According to the Department of Justice, from October 2012 through October 2013, Robert Jacobsen sold homes with unpaid mortgages on them to unsuspecting homebuyers but eventually, authorities caught wind of the scheme.
According to the DOJ, Jacobsen’s scheme involved him creating a fictitious company called “American Brokers’ Conduit Corporation,” which was not related to an already-existing mortgage originator known as "American Brokers’ Conduit," which originated loans in the Bay Area.

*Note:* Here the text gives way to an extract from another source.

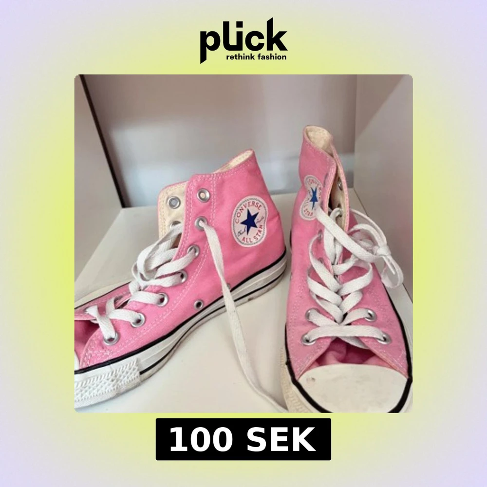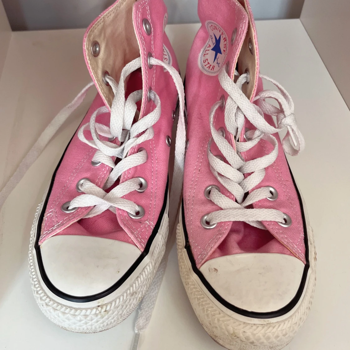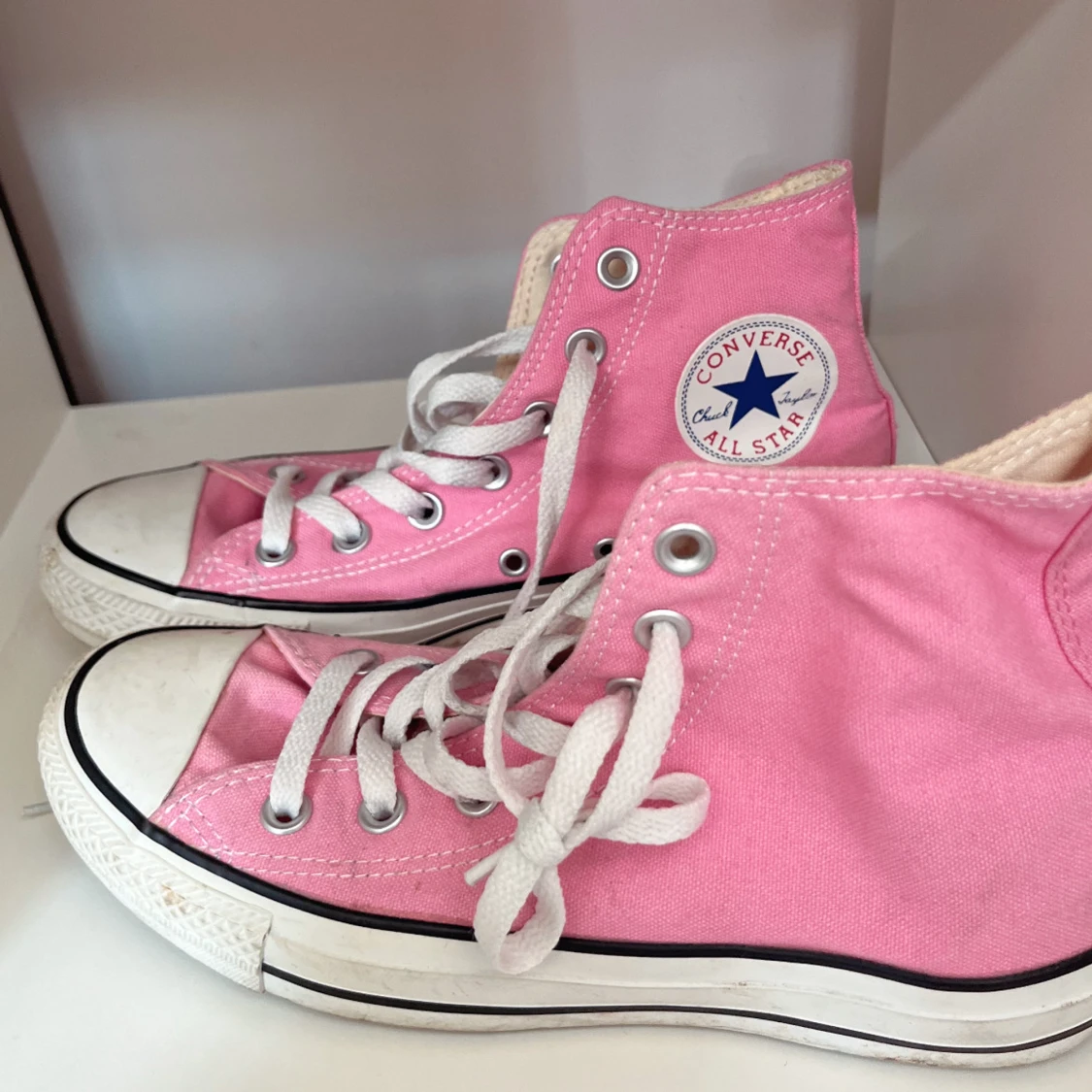 Säljer ett par klassiska Converse All Star high tops i en snygg rosa färg. Storlek 37.5

The DOJ explained that Jacobsen used intermediaries to gain control of homes with mortgage liens that secured loans originated by the real “American Brokers’ Conduit,” and then Jacobsen would use intermediaries to sue the phony “American Brokers’ Conduit Corporation” in court, claiming that the legitimate mortgage liens were invalid.
From the DOJ’s announcement:
As he controlled both the plaintiff and the defendant in these lawsuits, Jacobsen then instructed the attorneys for both sides to enter into stipulated judgments, signed by the courts, resolving the lawsuits by purporting to declare the mortgage liens invalid. In so doing, he omitted to tell the courts that neither he nor any other person involved in the lawsuits was a legitimate representative of either the real “American Brokers’ Conduit” or the then-current owners of the liens. Jacobsen filed those agreements with the relevant county recorder’s offices, to give the appearance to anyone conducting a title search that the liens had been declared invalid by a court, and then sold the homes to unsuspecting buyers without paying off the original loans on the homes.
Jacobsen was initially charged with 13 counts of wire fraud and money laundering but the remaining charges will be dropped if he maintains his part of the plea agreement, the DOJ said. As a result of his plea, Jacobsen was also ordered to forfeit a yacht he purchased with the sale proceeds and pay an undetermined restitution fee.